Further, Dramatic Credit Metrics Deterioration Expected:
Fitch expects EDC's credit metrics to continue to deteriorate sharply due to the lack of tariff increases since 2006, the recent devaluation of the local currency and high inflation levels. Tariff increases remain dismal due to the government's efforts to curb inflation, particularly in 2010 which is an election year. Since EDC was nationalized by the government in 2007, the company has begun several investment projects aimed at increasing its generation capacity and improving its distribution and transmission assets. In the last 12 months (LTM) ended Sept. 30, 2009 capital expenditures were USD900 million up from USD536 million and USD203 million in 2008 and 2007, respectively. These investments together with EBITDA declines have resulted in net leverage of 3.2 times (x) compared to 1.5x in 2008 and 0.5x in 2007.
Declining Margins May Turn Negative:
Significant deterioration in cash flow generation is also explained by a tariff freeze since 2006 while costs increases reflect inflation levels of more than 20% per year. During the LTM ended Sept. 30, 2009, EDC's EBITDA declined to approximately USD129 million from USD203 million and USD334 million in 2008 and 2007, respectively. The company's EBITDA margin has also declined to 15% as of the LTM ended Sep. 30, 2009 from 24% and 33% for 2008 and 2007, respectively. Absent a tariff increase, EBITDA margins are likely to turn negative within the next 2 years. By the second quarter of 2009 LTM funds from operations (FFO) turned negative, and as a result the LTM free cash flow burn run rate of USD928 million at September 2009, has been higher than capital expenditures. This situation is sustainable only with the support of the Venezuelan government which is expected to transfer to the company more than USD500 million per year to fund its operations and investments.
Solid Liquidity Dependent on Government Transfers:
As of Sept. 30, 2009, EDC had USD240 million in cash on hand and USD2 million in short-term debt. EDC was able to maintain a solid cash position due to asset sales despite negative free cash flow generation. A tariff increase would possibly turn FFO positive and allow the sector as well as EDC to be profitable and self-sufficient. EDC's solid cash position depends on the government's support due its aggressive capex plans and lack of access to other sources of financing. Total debt of USD654 million is comprised primarily of the USD650 million notes due in
2018 that were issued during 2008 so debt maturities are quite manageable until this notes are due.
Factors That Could Trigger a Downgrade:
--A downgrade of the Bolivarian Republic of Venezuela;
--A sustained leverage increase, liquidity deterioration and/or absence of a tariff increase within the next 18 months.

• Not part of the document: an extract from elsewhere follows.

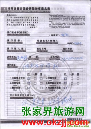2010年3月14號吳先生一行張家界旅游質量反饋

Factors That Could Trigger an Upgrade:
--An upgrade of the Bolivarian Republic of Venezuela;
--Lower leverage levels and/or the implementation of a tariff structure that reflects inflation increases and fuel costs.
EDC is a vertically integrated electricity company in Venezuela with operations in generation, transmission and distribution of electricity services to the metropolitan
Caracas area. As the sole provider of electricity in
Caracas, the company is viewed to be a strategic asset of the Venezuelan government. PDVSA, the state owned oil company, currently owns 93.62% of EDC.